Jupiter Lifeline Hospital IPO GMP
Although no high-profile deals have taken place, some comments on Jupiter Hospital’s IPO GMP in Chittorgarh suggest prices of Rs 54 to Rs 84 per share.
Jupiter Lifeline Hospital IPO – a positive factor for investment
- Diverse Healthcare Services: Jupiter Life Line Hospitals has carved out a niche in the healthcare industry by providing specialty services such as neurorehabilitation and multi-organ transplantation.
- Solid revenue growth: The company is experiencing impressive revenue growth in 2021-23, reflecting its ability to meet the region’s growing medical needs.

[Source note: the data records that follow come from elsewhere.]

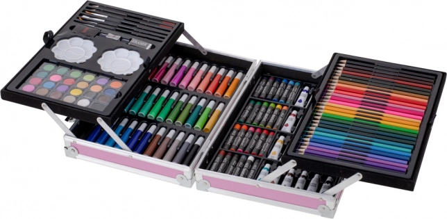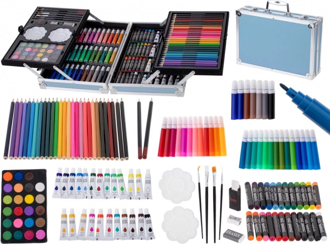 - Echipare completă, 145 piese: markere, creioane colorate, pensule, creioane, radiere, acuarele, vopsele la tub, pasteluri uleioase, palete și ascuțitoare.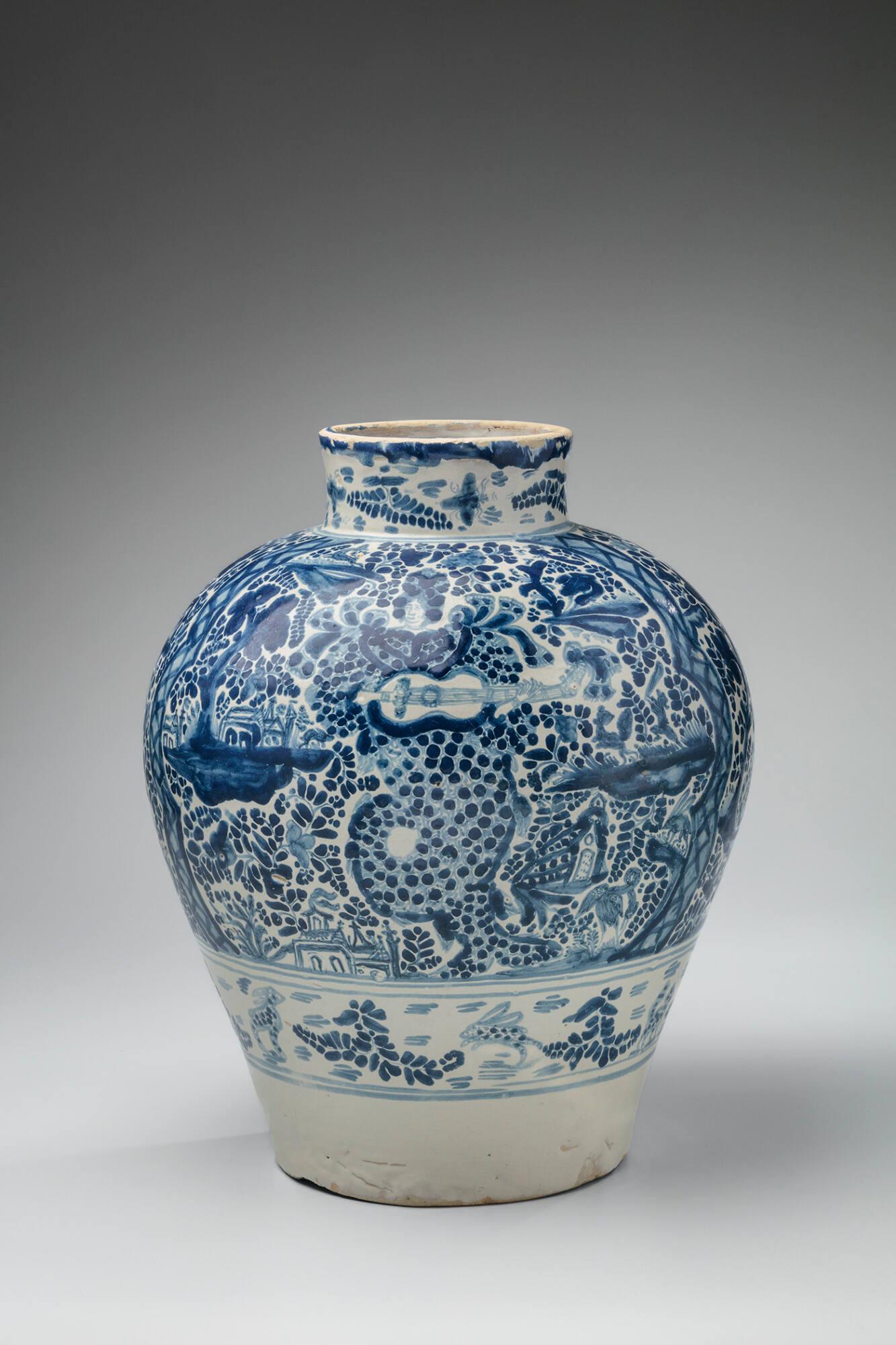 DescriptionA large, wide-shouldered vase with narrow neck and flat, footless base, with a surface treatment of blue and white glaze. It is decorated with a continuous frieze all around the main body of the vessel with a central figure of a mermaid in an elaborate headdress playing a guitar. The central figure of the mermaid is positioned amongst plumeado (feather) motifs in which can be seen buildings, trees, and animals such as jaguars and deer. The neck exhibits a separate band of decoration with foliage and insects. The base, likewise, is a separate band and illustrates a man with a club hunting various animals.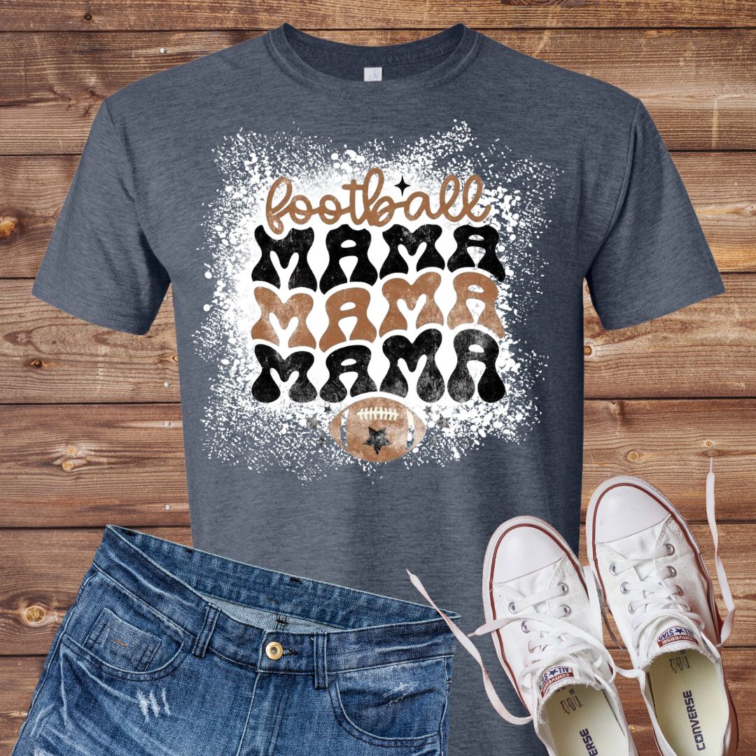 Football Mama Groovy Bleached T-Shirt

- Accreditation and Certification: All Jupiter Lifeline Hospital facilities in Thane, Pune and Indore are accredited by the National Board for Accreditation of Hospitals and Healthcare Providers (NABH) to ensure high quality medical services.
Jupiter Lifeline Hospital IPO Risk Factors
- No benefit from the OFS part: The OFS portion of the IPO will be paid to the selling shareholders and the company will not receive any benefit.
- Dependence on Thane Hospital: A significant portion of the company’s revenue is dependent on Thane Hospital. Any adverse impact on this facility could have far-reaching financial implications for the company.
- Regulatory challenges: The healthcare industry is highly regulated, and violations or changes to regulations can pose risks to your company’s operations.
- High operating costs: Jupiter Lifeline Hospital faces significant costs associated with maintaining medical equipment, staff salaries, and infrastructure. Failure to manage these costs effectively can impact profitability.
Jupiter Lifeline Hospital IPO Review and Conclusion
You may be wondering whether to invest in this IPO or avoid it.
On the positive side, the company specializes in services such as neurorehabilitation and multi-organ transplantation, which makes it stand out in the healthcare field. The diversification of revenue sources and significant revenue growth from FY21 to FY23 demonstrate the company’s ability to adapt to changing healthcare demands. Accreditation by NABH reflects our commitment to quality healthcare.
On the downside, the company’s reliance on Thane Hospital for most of its revenue exposes its vulnerability. Stringent industry regulations can create compliance challenges. Rising operating costs for medical equipment, staff and infrastructure can impact profitability. There may be capital utilization issues as the IPO proceeds are allocated to repay the debt and the profits from the OFS are limited. The IPO price is also expensive.
There is no rush to invest in this IPO right now. We may reconsider investing in this IPO if the stock is available at a discounted price after listing.